[Records provided Boundary: Start]
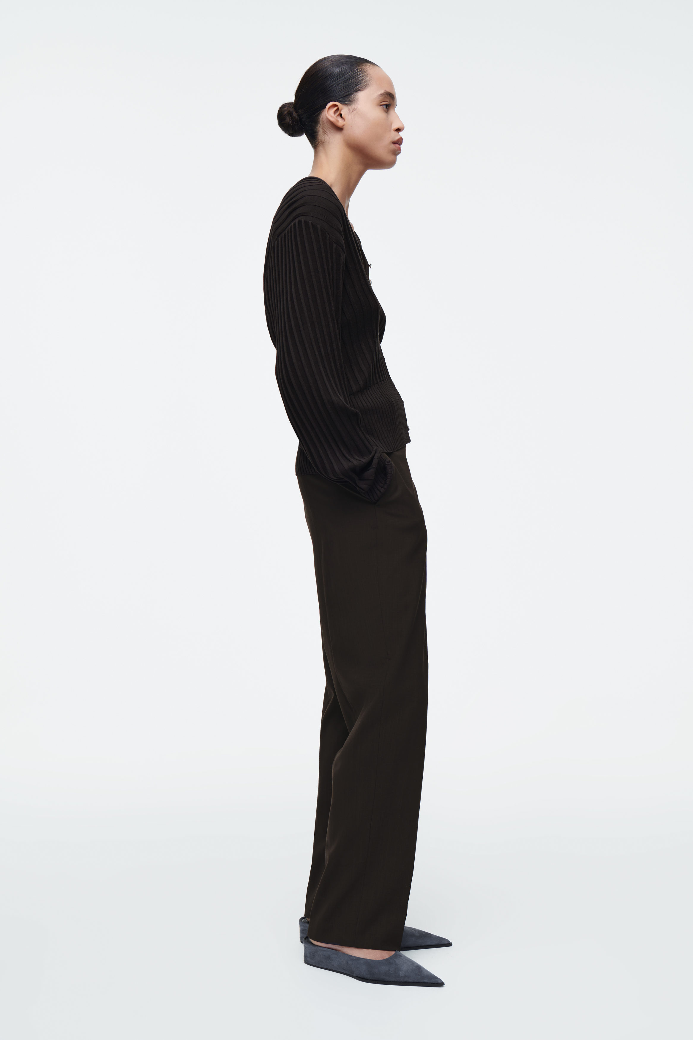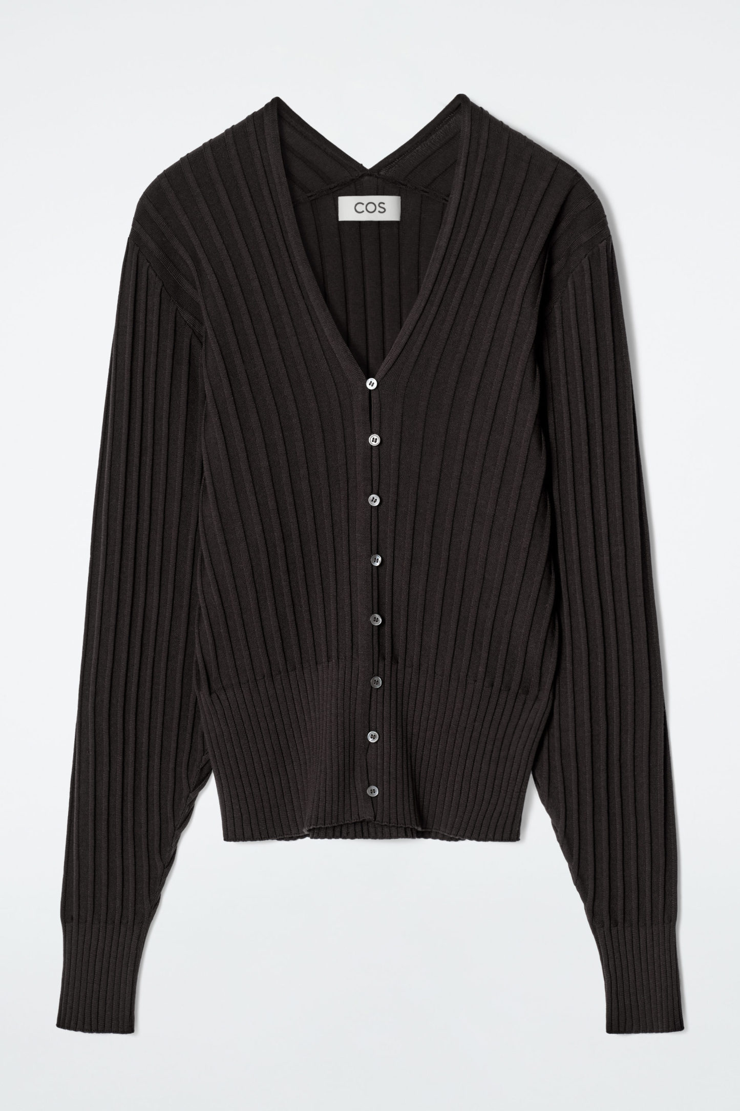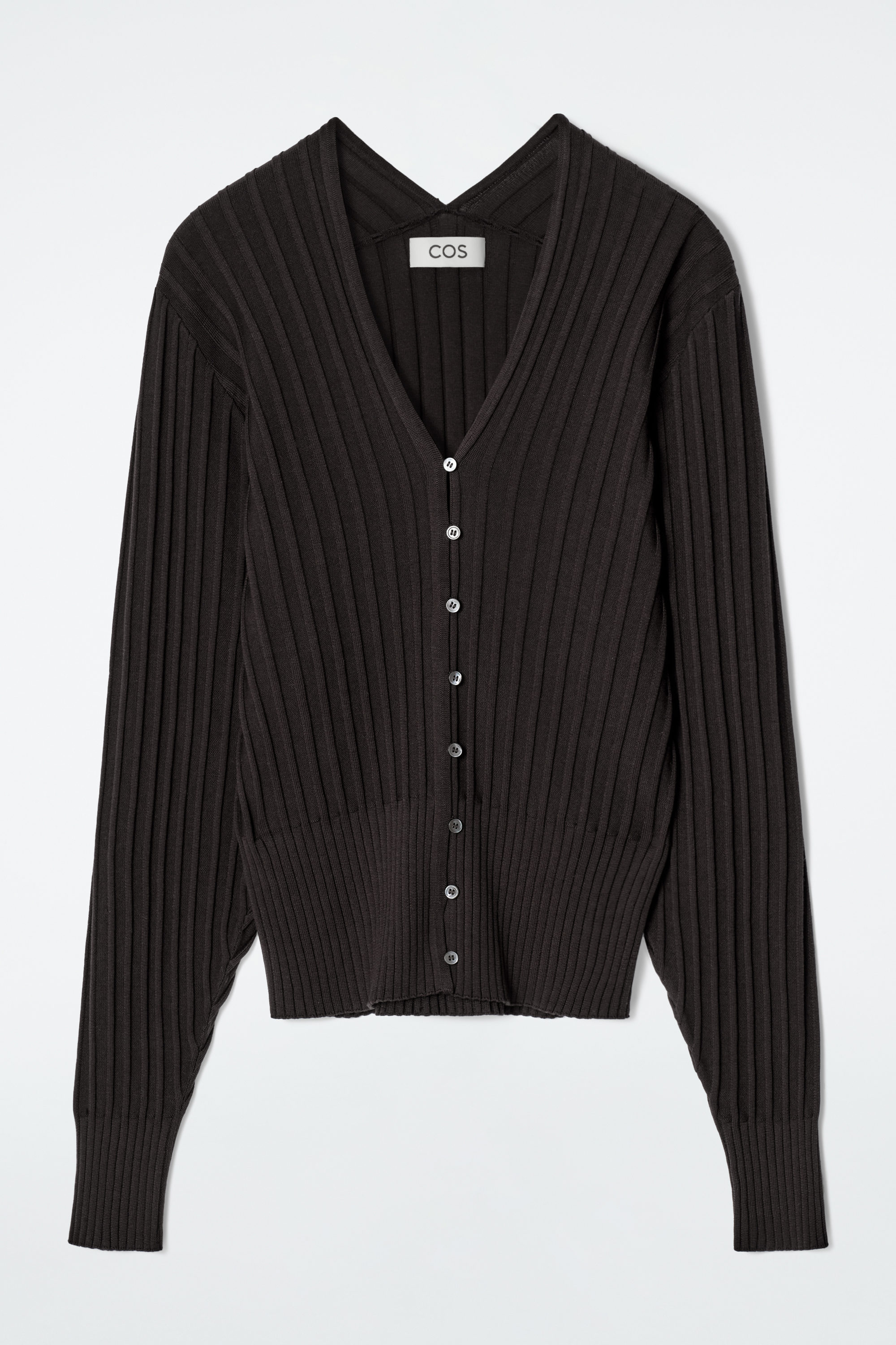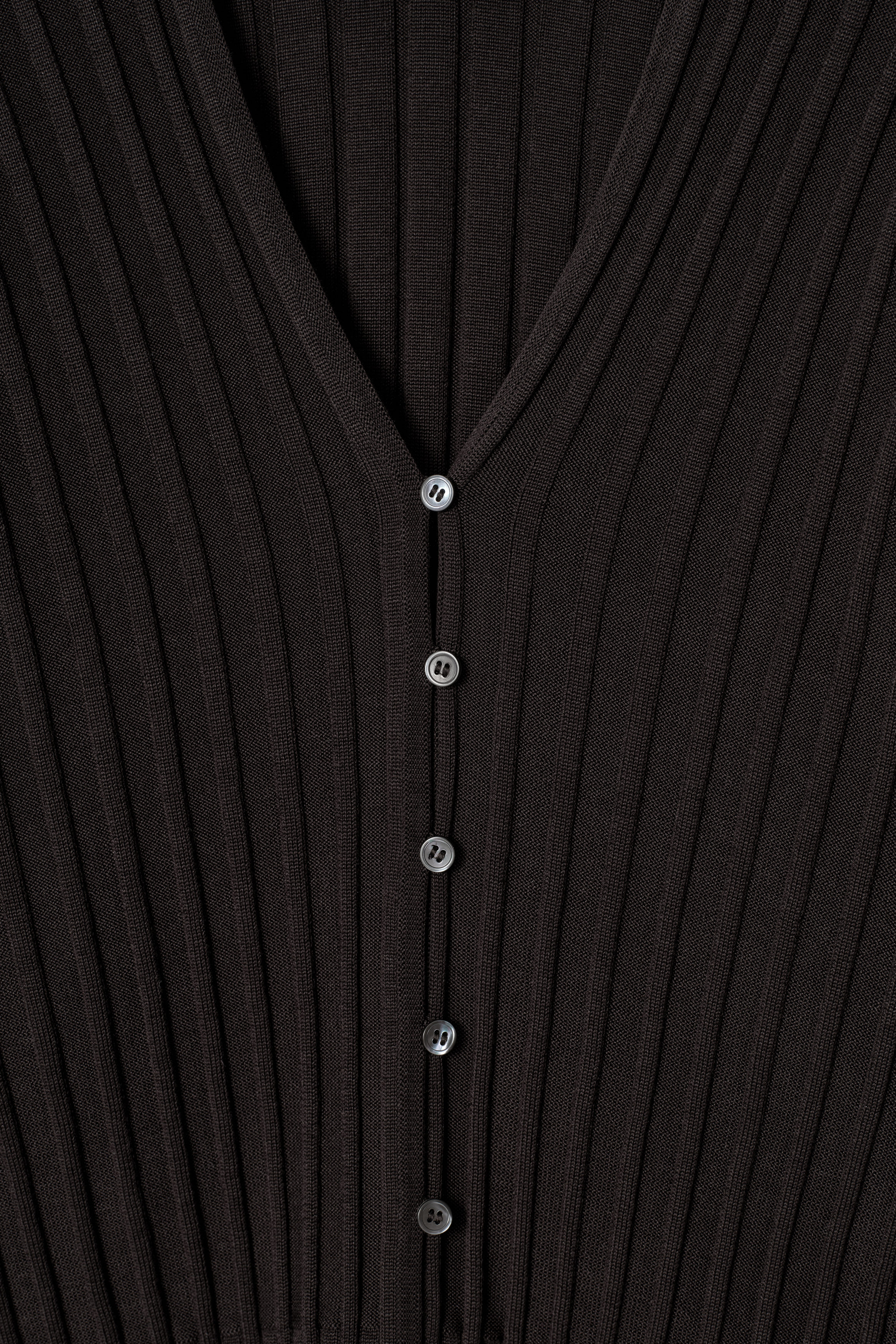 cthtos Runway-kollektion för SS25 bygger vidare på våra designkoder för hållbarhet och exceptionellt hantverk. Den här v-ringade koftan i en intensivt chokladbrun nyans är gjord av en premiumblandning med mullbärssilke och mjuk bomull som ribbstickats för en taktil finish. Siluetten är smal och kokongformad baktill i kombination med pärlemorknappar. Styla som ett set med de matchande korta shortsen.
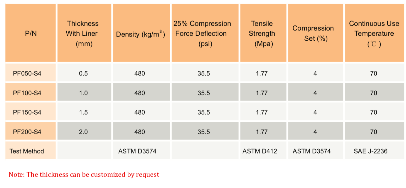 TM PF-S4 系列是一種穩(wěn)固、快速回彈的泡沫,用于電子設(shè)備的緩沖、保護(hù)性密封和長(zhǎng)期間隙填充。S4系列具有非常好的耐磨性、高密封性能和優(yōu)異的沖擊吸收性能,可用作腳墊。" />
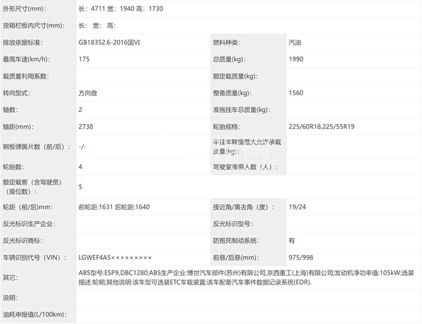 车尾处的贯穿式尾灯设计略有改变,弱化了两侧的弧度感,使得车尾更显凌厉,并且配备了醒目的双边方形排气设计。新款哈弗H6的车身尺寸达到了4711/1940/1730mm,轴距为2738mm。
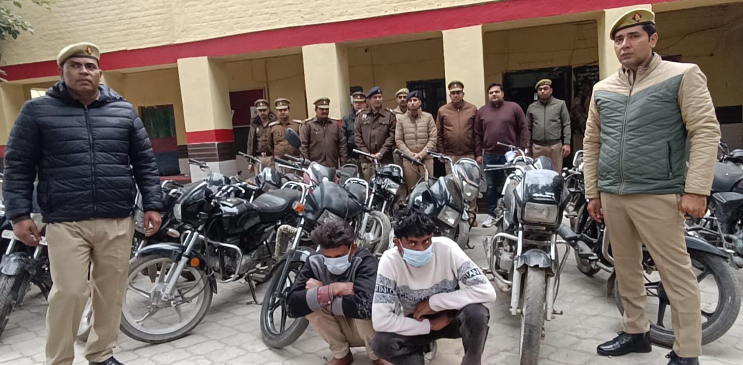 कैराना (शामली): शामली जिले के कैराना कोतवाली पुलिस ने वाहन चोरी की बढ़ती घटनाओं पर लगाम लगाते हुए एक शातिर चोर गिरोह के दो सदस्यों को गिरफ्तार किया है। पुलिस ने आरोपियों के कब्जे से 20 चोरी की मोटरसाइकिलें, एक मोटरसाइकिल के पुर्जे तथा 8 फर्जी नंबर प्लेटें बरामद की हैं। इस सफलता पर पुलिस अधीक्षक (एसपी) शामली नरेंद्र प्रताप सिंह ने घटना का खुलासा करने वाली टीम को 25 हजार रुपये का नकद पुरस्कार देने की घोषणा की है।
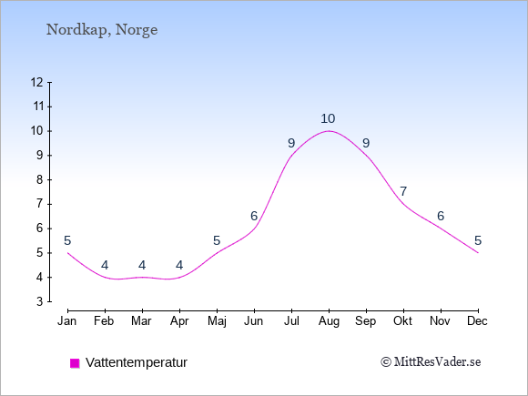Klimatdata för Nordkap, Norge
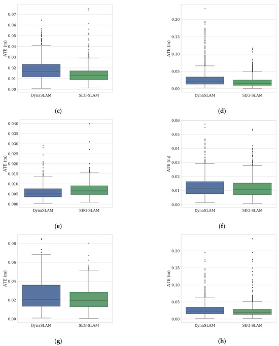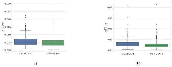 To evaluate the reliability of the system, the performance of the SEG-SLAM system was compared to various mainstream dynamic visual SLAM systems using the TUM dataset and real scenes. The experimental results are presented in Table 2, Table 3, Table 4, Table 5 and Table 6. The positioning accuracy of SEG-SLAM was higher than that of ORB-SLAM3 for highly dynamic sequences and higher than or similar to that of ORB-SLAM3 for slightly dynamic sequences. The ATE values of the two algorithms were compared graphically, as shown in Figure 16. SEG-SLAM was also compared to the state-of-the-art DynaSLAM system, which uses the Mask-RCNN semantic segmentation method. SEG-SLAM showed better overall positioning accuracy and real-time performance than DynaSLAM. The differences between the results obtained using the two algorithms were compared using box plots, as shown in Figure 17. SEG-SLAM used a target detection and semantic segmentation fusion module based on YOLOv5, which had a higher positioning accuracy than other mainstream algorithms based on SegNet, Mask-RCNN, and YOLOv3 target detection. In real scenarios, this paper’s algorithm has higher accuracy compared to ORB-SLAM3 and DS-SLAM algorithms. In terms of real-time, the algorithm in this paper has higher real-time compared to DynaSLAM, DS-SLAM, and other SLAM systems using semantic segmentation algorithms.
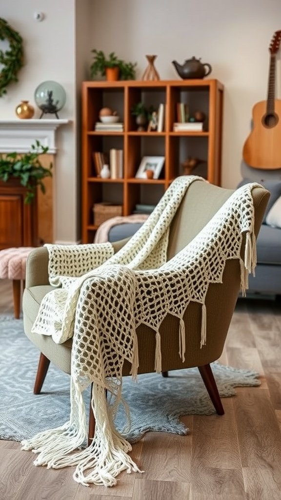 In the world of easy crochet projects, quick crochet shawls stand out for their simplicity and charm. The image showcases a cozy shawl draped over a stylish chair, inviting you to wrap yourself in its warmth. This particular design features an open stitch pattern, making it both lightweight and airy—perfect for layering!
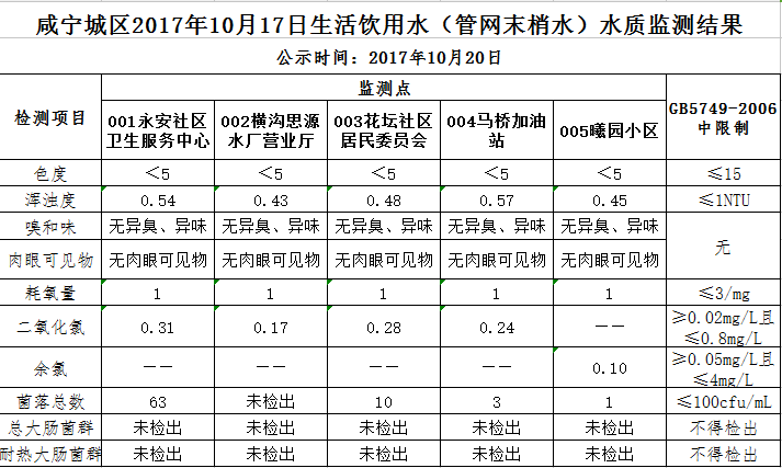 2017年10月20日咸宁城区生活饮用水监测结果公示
[Records provided Boundary: End]
→ Problem description: I'd like the data above duplicated exactly, with no pictures included.

→ Written reply:
 cthtos Runway-kollektion för SS25 bygger vidare på våra designkoder för hållbarhet och exceptionellt hantverk. Den här v-ringade koftan i en intensivt chokladbrun nyans är gjord av en premiumblandning med mullbärssilke och mjuk bomull som ribbstickats för en taktil finish. Siluetten är smal och kokongformad baktill i kombination med pärlemorknappar. Styla som ett set med de matchande korta shortsen.
 TM PF-S4 系列是一種穩(wěn)固、快速回彈的泡沫,用于電子設(shè)備的緩沖、保護(hù)性密封和長(zhǎng)期間隙填充。S4系列具有非常好的耐磨性、高密封性能和優(yōu)異的沖擊吸收性能,可用作腳墊。" />
 车尾处的贯穿式尾灯设计略有改变,弱化了两侧的弧度感,使得车尾更显凌厉,并且配备了醒目的双边方形排气设计。新款哈弗H6的车身尺寸达到了4711/1940/1730mm,轴距为2738mm。
 कैराना (शामली): शामली जिले के कैराना कोतवाली पुलिस ने वाहन चोरी की बढ़ती घटनाओं पर लगाम लगाते हुए एक शातिर चोर गिरोह के दो सदस्यों को गिरफ्तार किया है। पुलिस ने आरोपियों के कब्जे से 20 चोरी की मोटरसाइकिलें, एक मोटरसाइकिल के पुर्जे तथा 8 फर्जी नंबर प्लेटें बरामद की हैं। इस सफलता पर पुलिस अधीक्षक (एसपी) शामली नरेंद्र प्रताप सिंह ने घटना का खुलासा करने वाली टीम को 25 हजार रुपये का नकद पुरस्कार देने की घोषणा की है।
Klimatdata för Nordkap, Norge
 To evaluate the reliability of the system, the performance of the SEG-SLAM system was compared to various mainstream dynamic visual SLAM systems using the TUM dataset and real scenes. The experimental results are presented in Table 2, Table 3, Table 4, Table 5 and Table 6. The positioning accuracy of SEG-SLAM was higher than that of ORB-SLAM3 for highly dynamic sequences and higher than or similar to that of ORB-SLAM3 for slightly dynamic sequences. The ATE values of the two algorithms were compared graphically, as shown in Figure 16. SEG-SLAM was also compared to the state-of-the-art DynaSLAM system, which uses the Mask-RCNN semantic segmentation method. SEG-SLAM showed better overall positioning accuracy and real-time performance than DynaSLAM. The differences between the results obtained using the two algorithms were compared using box plots, as shown in Figure 17. SEG-SLAM used a target detection and semantic segmentation fusion module based on YOLOv5, which had a higher positioning accuracy than other mainstream algorithms based on SegNet, Mask-RCNN, and YOLOv3 target detection. In real scenarios, this paper’s algorithm has higher accuracy compared to ORB-SLAM3 and DS-SLAM algorithms. In terms of real-time, the algorithm in this paper has higher real-time compared to DynaSLAM, DS-SLAM, and other SLAM systems using semantic segmentation algorithms.
 In the world of easy crochet projects, quick crochet shawls stand out for their simplicity and charm. The image showcases a cozy shawl draped over a stylish chair, inviting you to wrap yourself in its warmth. This particular design features an open stitch pattern, making it both lightweight and airy—perfect for layering!
 2017年10月20日咸宁城区生活饮用水监测结果公示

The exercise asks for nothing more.